”ネイビー”と聞くとあなたは「海軍(ネイビー)」と「紺色(ネイビーブルー)」、どちらを思い浮かべるだろうか?前者を思い浮かべる人はミリタリー好きで、多くの人は後者を思い浮かべるのではないだろうか?両者は英語で「NAVY」と同じ綴りなるのだが、海軍と紺色には深~い関係がある。
ネイビーは海軍の色という意味
今日の日本ではネイビー(NAVY)というと、紫がかっている暗い青を指す色「紺色」のことを指す単語としてが一般的で特にファッションにおいてはそれが顕著だ。筆者は昔、アパレル業界に居たことがあるが、紺色という言葉はほとんど使う事はなく、ネイビーやネイビーブルーと表現していた。しかし、このネイビーという単語は元来「海軍」を示す単語である。イギリス海軍の制服が紺色であったことから、英語圏ではその起源に関連付けて紺色を”ネイビーブルー”と呼んだ。そして、いつしか日本にも広まったのだ。そもそも、日本には戦後、海軍(※海上自衛隊は軍ではない)が無くなってしまい、英語が浸透した今でも海軍の意味でネイビーを使用する機会はほとんどなくなり、必然的に紺色の意味として浸透してしまっているのかもしれない。
海軍でのネイビーブルーの歴史
ネイビーブルーの制服は海上自衛隊を始め、世界の海軍で一般的な制服の色となっている。初めて軍服に取り入れたのはイギリス海軍(ロイヤル・ネイビー)だ。時は1748年、イギリスが海洋国家として世界の覇権を取る前の時代になる。
ヨーロッパにはもともと紺色、藍色といった青系の染料の原料となるものは少なく、青い衣服は少なかった。しかし、インドとヨーロッパの交易が始まる13世紀頃からインド産の青系染料インディゴが輸入され、ヨーロッパでも青系の衣服が広がっていく。そして、1600年にイギリス東インド会社を設立されると、安価なインディゴが大量に輸入されるようになった。インド、アジアでの交易を皮切りに世界進出を活発化させるイギリスは海軍をより戦略・戦術的に発展させていく。その中で将校、水兵が着用する制服も整備された。
当時の海軍は一度海に出れば、数カ月、数年は帰国できない長く過酷な遠征だ。そのような環境に耐える制服が必要だった。

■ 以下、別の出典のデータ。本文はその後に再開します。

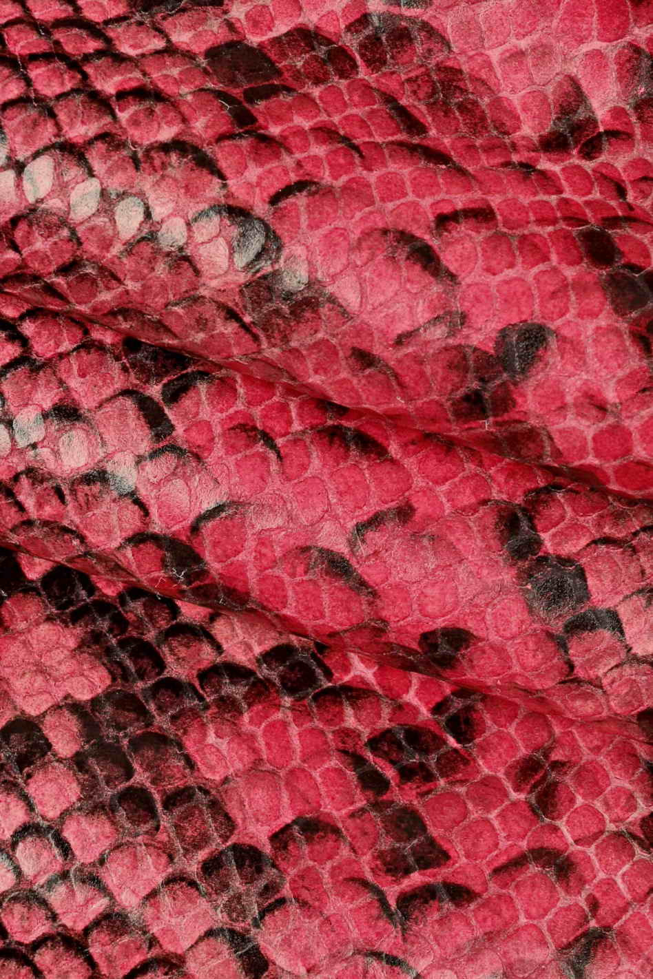 Pink black PYTHON printed leather skin, fuchsia snake textured goatskin, glossy animal print reptile hide
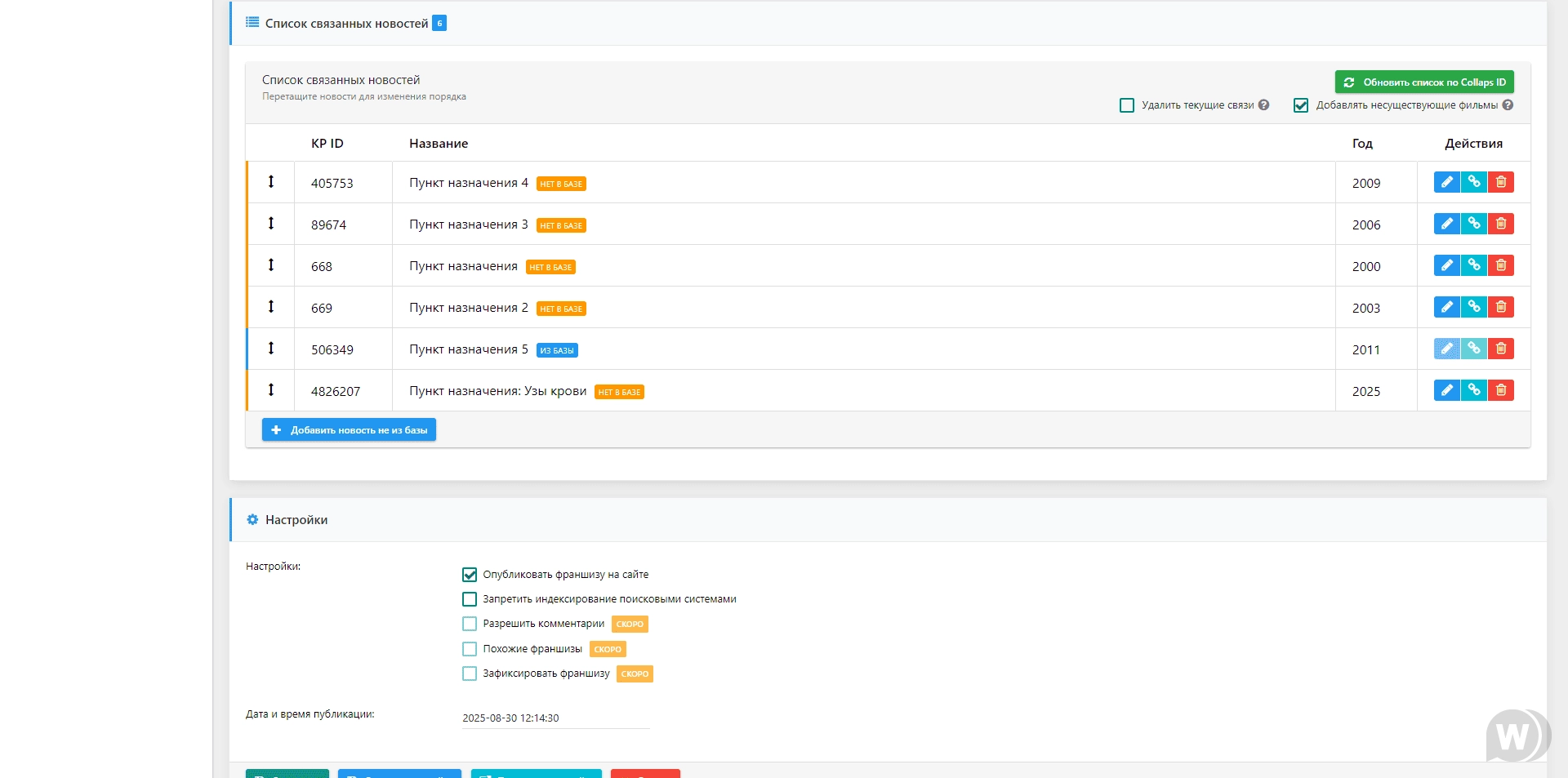 - Если фильмов на сайте немного то можно использовать всегда поиск фильмов для связи по kinopoisk id в доп полях новостей, но если их 20-100к то лучше включить индексацию, которая на Шаг 1 забирает из доп полей кинопоиск айди и айди фильма и будет в секунды связывать новости на шаге 3 или просто при добавлении франшизы.
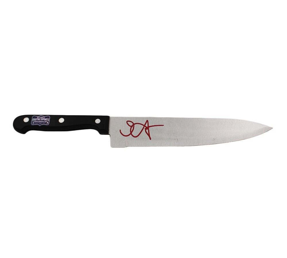 A 12 Inch Prop Knife-Red Ink Hand signed By John Carpenter. The Item and Signature are in excellent Condition. John is an American filmmaker, he is most known for his horror films such as Halloween being one of his biggest ones. AUTHENTICATION: Your item is tagged with a SmarTag powered by Prova Technology, which gives you digital access to your items authentication records.
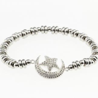 STANLESS STEEL ELASTIC BRACELET WITH STEEL BEADS AND ONE COPPER PENDANT WITH MOON& STAR WITH WHITE ZIRCON
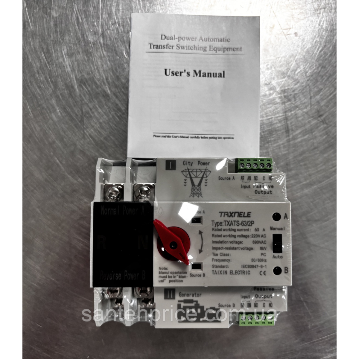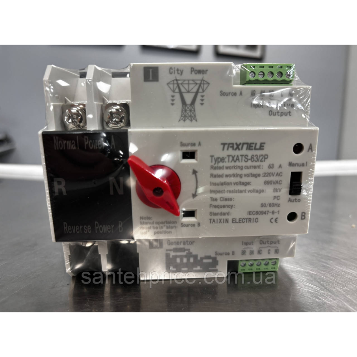 Автомат введення резерву TAIXIN ELECTRIC TXATS-/2P, 63A однофазний змінного струму 2-х полюсний
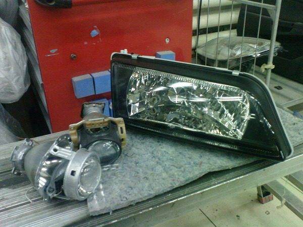 Примерно такое же я задумываю. Только тут фара блин длиннее. Самый главный гемор будет если в линзы пихать оригинальные лампы. Вот это будет жопа. Тогда придется аккум покупать на 45Ач и бачок расширительный видоизменять. Как единичный заказ или заказ для себя - круто
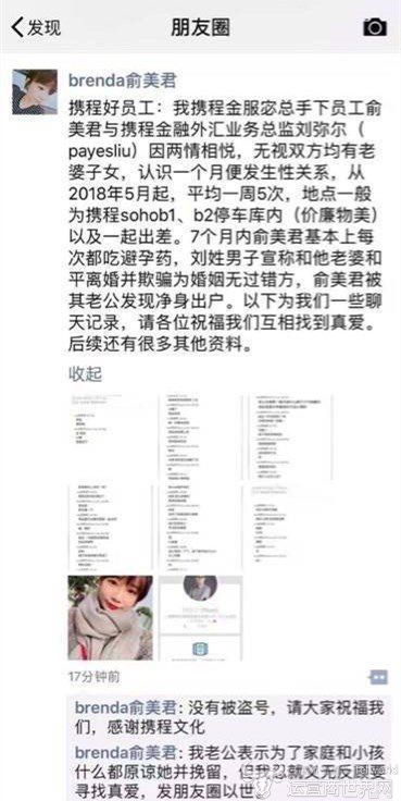根据爆料截图内容,一名为“brenda”的爆料人在微信朋友圈爆料称,携程金服宓总手下员工愈美君,与携程金融外汇总监刘弥尔(payesliu)因两情相悦,五十双方均有老婆子女,认识一个月便发生性关系。从2018年5月起,平均一周5次,地点一般为携程sohob1、b2停车库内(价廉物美)以及一起出差。7个月内,愈美君基本上每次都吃避孕药,刘姓男子宣称和他老婆和平离婚,并欺骗为婚姻无过错方,愈美君被其老公发现净身出户。以下为我们一些聊天记录,请各位祝福我们互相找到真爱。后续还有很多其他资料。”
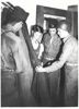 Revival of the Passion Play. Otto Rutz, who plays the part of Simon (left), talks with another character in the Passion Plat---The Hogh Priest Caiphas, ......... by Hugo Rutz (not related). Hugo runs a blacksmith shop in the village.
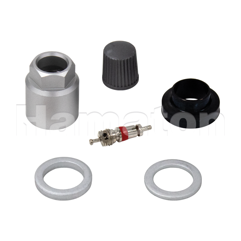 A box of 10 service kits with each including: 1 nut, 1 rubber grommet, 2 metal washers, 1 screw, 1 valve core, 1 anti-rotation pin and 1 valve cap

インディゴ染料は豊富で手頃な価格で購入でき、大量の制服を作るのに適していた。そして、他の染料とは異なり、色が浸透するのが早く、海上での照り付ける太陽や塩水に長時間さらされても色あせないという特徴があった。また、青系の色は海と空を想起させ、海軍に打ってつけの色だった。
その後、18世紀後半から20世紀前半にかけて世界の海を支配したイギリス海軍の紺色の制服は海軍の象徴となった。各国の海軍はこの世界一のイギリス海軍をモデルに創設、編成され、その制服も模倣された。世界中の海軍の制服も紺色になり、NAVYのネイビーブルーの制服の伝統は世界中で続いている。
普段何気に無く着ているネイビーブルーの服は海軍の色を表しており、海軍の権威を示す色でもあるのだ。